I thought I understood how phase applies to adding sine waves but apparently not...

I was reading about 220V house wiring, and how each of the 110V hot wires are 180 degress out of phase with each other - and that makes sense, alright. But then how do we achieve 220 volts if the waves are out of phase with each other? Seems to me they should cancel.

I'm being told they add, when they're out of phase and that if they were 'in phase' then all that would do is double the duty cycle. This seems completely backward from what I've been taught.

Any help?

 

If you combine them they would make zero, but since you're pulling power from both waves, you have -110V on one line, and +110V on the other if I'm not mistaken.

 

You likely only have a single phase 240v transformer that is center tapped. This gives you two opposite polarity legs @120v, not two phases. Google split phase. To get 240, the outer connections are used.

http://www.allaboutcircuits.com/vol_2/chpt_10/1.html

 

Awesome read. I needed to take the time to read that whole section. That totally makes sense now.

You guys are outstanding in this forum. Thanks a bunch.

 

You likely only have a single phase 240v transformer that is center tapped. This gives you two opposite polarity legs @120v, not two phases. Google split phase. To get 240, the outer connections are used.

http://www.allaboutcircuits.com/vol_2/chpt_10/1.html

I have a follow up question on the neutral wire / grounded center tap...

The astute observer will note that the neutral wire only has to carry the difference of current between the two loads back to the source.
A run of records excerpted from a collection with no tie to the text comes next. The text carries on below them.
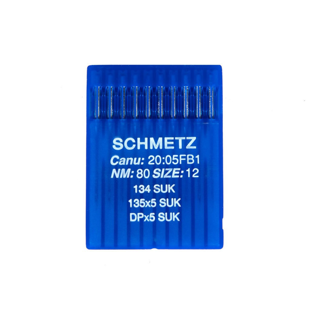 Aghi industriali Schmetz 134 SUK con punta a sfera media per tessuti elasticizzati e maglieria. Misure disponibili 60–65–70–80–90.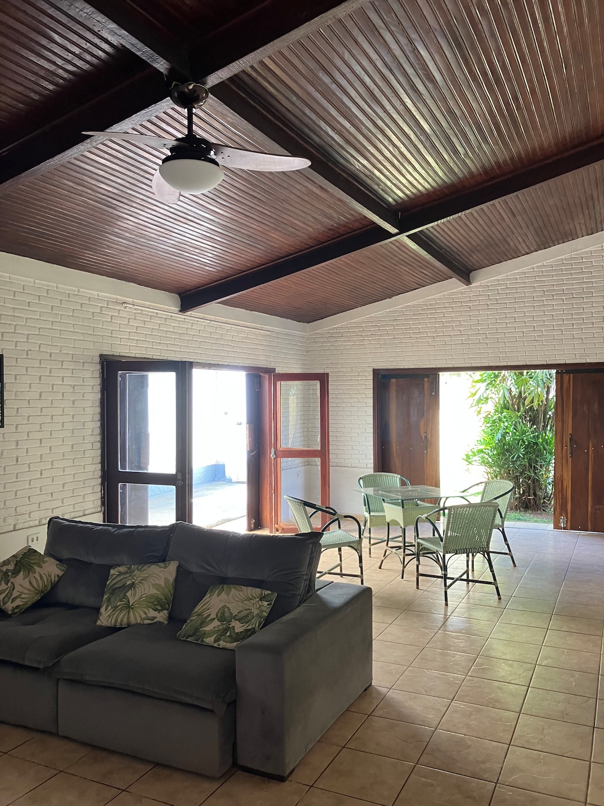 Oubliez vos soucis dans ce logement spacieux et serein, à l aire rustique, confortable et pratique . À 5 minutes à pied de la plage de Guaiúba, maison spacieuse avec quatre suites, indépendantes , longé par une terrasse couverte qui rejoint un ample salon. Un endroit convivial pour être entre copains ou famille. La plage de Guaiúba se situe entre deux belles vallées avec une mer calme, idéal pour les enfants. À quelques kilomètres du centre-ville. Possibilité de late check out.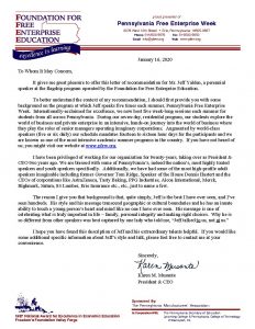 Veteran staff members indicated that you were the best assembly program that they had witnessed in their careers. Students told me that they were going to use your thoughts in their college essays. Others wanted you as our graduation speaker. I personally was moved by your thoughts.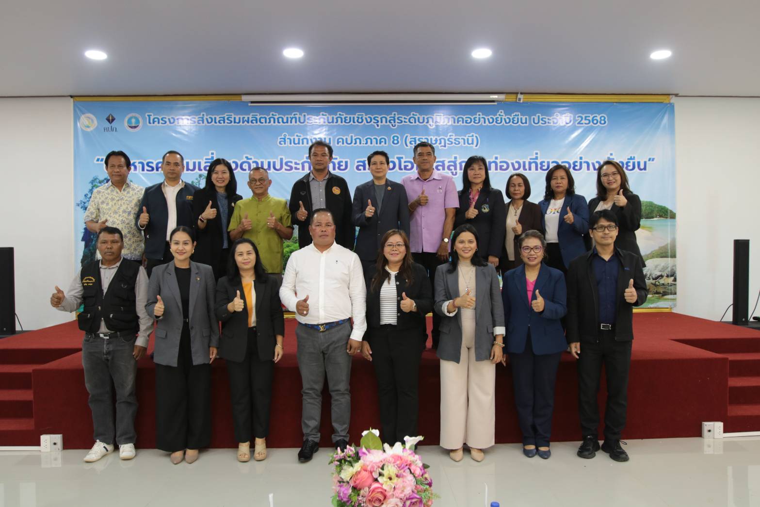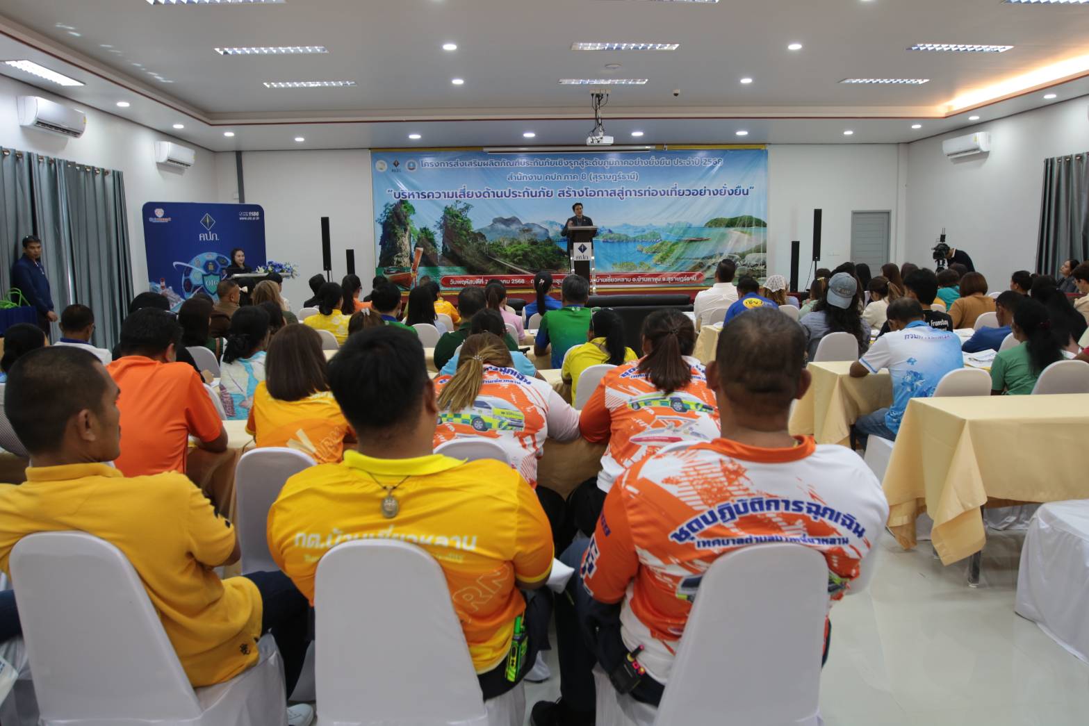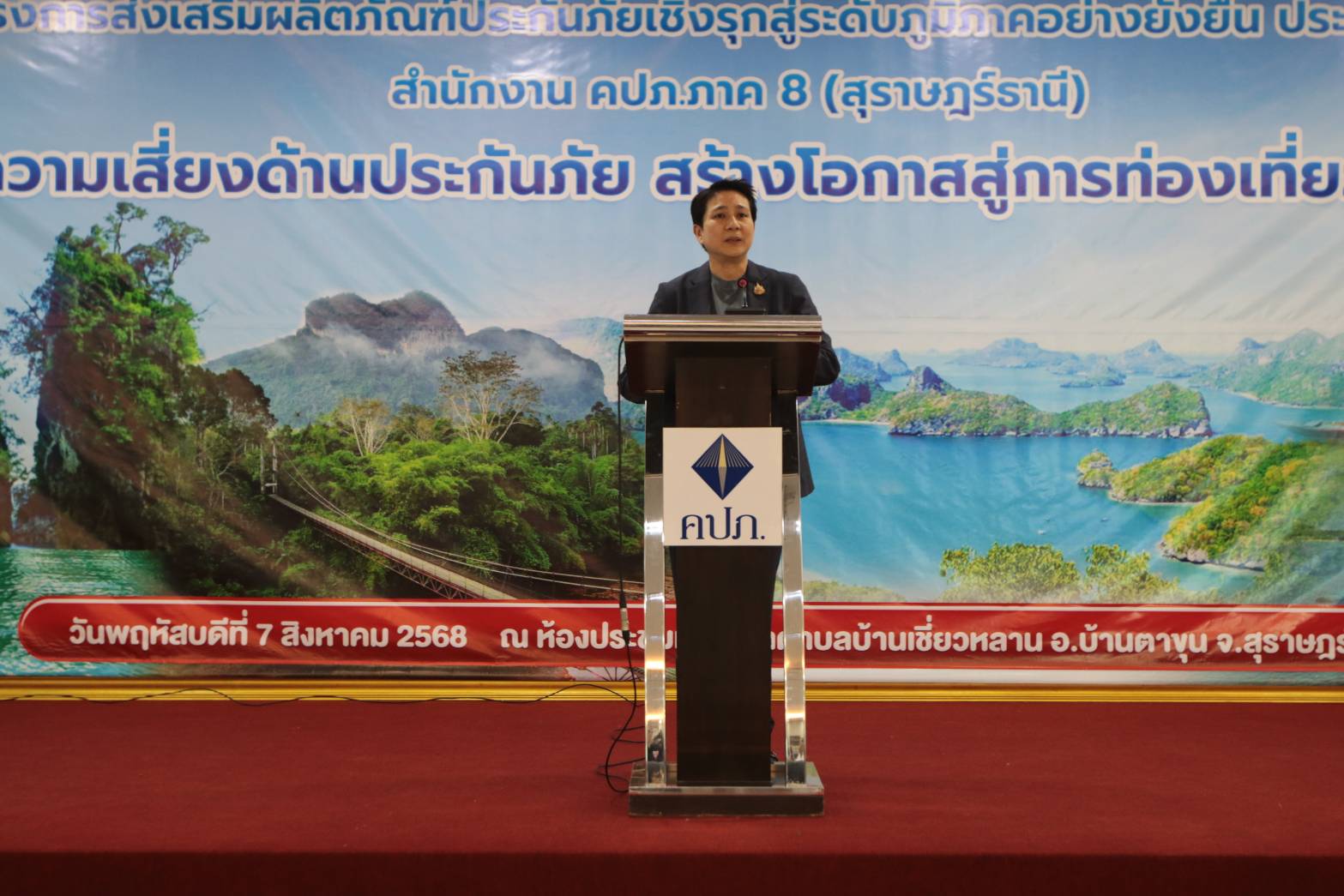 ต่อมา รองเลขาธิการฯ ได้ให้เกียรติเป็นประธานเปิดโครงการดังกล่าวฯ ซึ่งจัดโดยสำนักงาน คปภ. ภาค 8 สุราษฎร์ธานี ณ ห้องประชุมเทศบาลตำบลบ้านเชี่ยวหลาน อำเภอบ้านตาขุน โดยกล่าวว่า ภาคการท่องเที่ยวเป็นกลไกสำคัญในการขับเคลื่อนเศรษฐกิจ สร้างรายได้ สร้างงาน และกระตุ้นการพัฒนาชุมชนในทุกภูมิภาค แต่ก็ยังเผชิญความเสี่ยงจากภัยธรรมชาติ อุบัติเหตุ หรือเหตุการณ์ไม่คาดคิด ซึ่งอาจกระทบทั้งผู้ประกอบการ นักท่องเที่ยว และภาพลักษณ์ของประเทศ การส่งเสริมให้ผู้ประกอบการมีความรู้ความเข้าใจในการใช้ระบบประกันภัยเพื่อบริหารจัดการความเสี่ยง จึงเป็นเครื่องมือสำคัญในการเสริมศักยภาพ ลดความเสียหาย และสร้างเสถียรภาพแก่ธุรกิจ ซึ่งจะนำไปสู่การพัฒนาการท่องเที่ยวอย่างต่อเนื่องและยั่งยืน สำหรับจังหวัดสุราษฎร์ธานี ถือเป็นพื้นที่ที่มีศักยภาพสูง ทั้งโครงสร้างพื้นฐาน แหล่งท่องเที่ยวระดับนานาชาติ และสิ่งอำนวยความสะดวกครบครัน โดยในปี 2567 มีรายได้จากนักท่องเที่ยวรวมกว่า 92,154 ล้านบาท สะท้อนบทบาทสำคัญในการขับเคลื่อนเศรษฐกิจของพื้นที่และภูมิภาค ทั้งนี้ ภายใต้โครงการฯ ได้จัดให้มีการเสวนาภายใต้หัวข้อ “บริหารความเสี่ยงด้วยการประกันภัย สร้างโอกาสสู่การท่องเที่ยวที่มั่นคงและปลอดภัย” โดยมีผู้แทนจาก 5 หน่วยงาน ได้แก่ สำนักงานการท่องเที่ยวและกีฬาจังหวัดสุราษฎร์ธานี สำนักงานทะเบียนธุรกิจนำเที่ยวและมัคคุเทศก์ สาขาภาคใต้ เขต 1 ชมรมผู้ประกอบการเรือเขื่อนรัชชประภา ชมรมประกันวินาศภัยจังหวัดสุราษฎร์ธานี และสำนักงาน คปภ. จังหวัดภูเก็ต ร่วมแลกเปลี่ยนความคิดเห็นเพื่อบูรณาการยกระดับมาตรฐานการท่องเที่ยวในพื้นที่

In the above case, with perfectly “balanced” loads consuming equal amounts of power, the neutral wire carries zero current.

Sadly, I am not an astute observer. I can "see" the split condition here, partioning the loads into two 120 loops - but I don't get this "difference of current" between the two loads.

I read, and re-read, and could not find where this is expanded upon or explained anywhere. How does the neutral wire *not* carry some current here? In case I haven't advertised my ignorance enough...it would seem the positive cycle would ground out, for each source, rather than power the load.

 

My understanding and explanation would probably be fuzzy at best, and incorrect at worst. Perhaps someone like TNK or RGPATTER would chime in and help us both.... I have read their posts and have recently grasped the calcs for 3 phase neutral current. I'm sure they will be more help than I.

 

Referring to the drawing in post #5

At some particular moment in time, the top line is at +9 volts compared to the middle line. At that same moment, the bottom line is at -9 volts compared to the middle line. (The sources are synchronous.)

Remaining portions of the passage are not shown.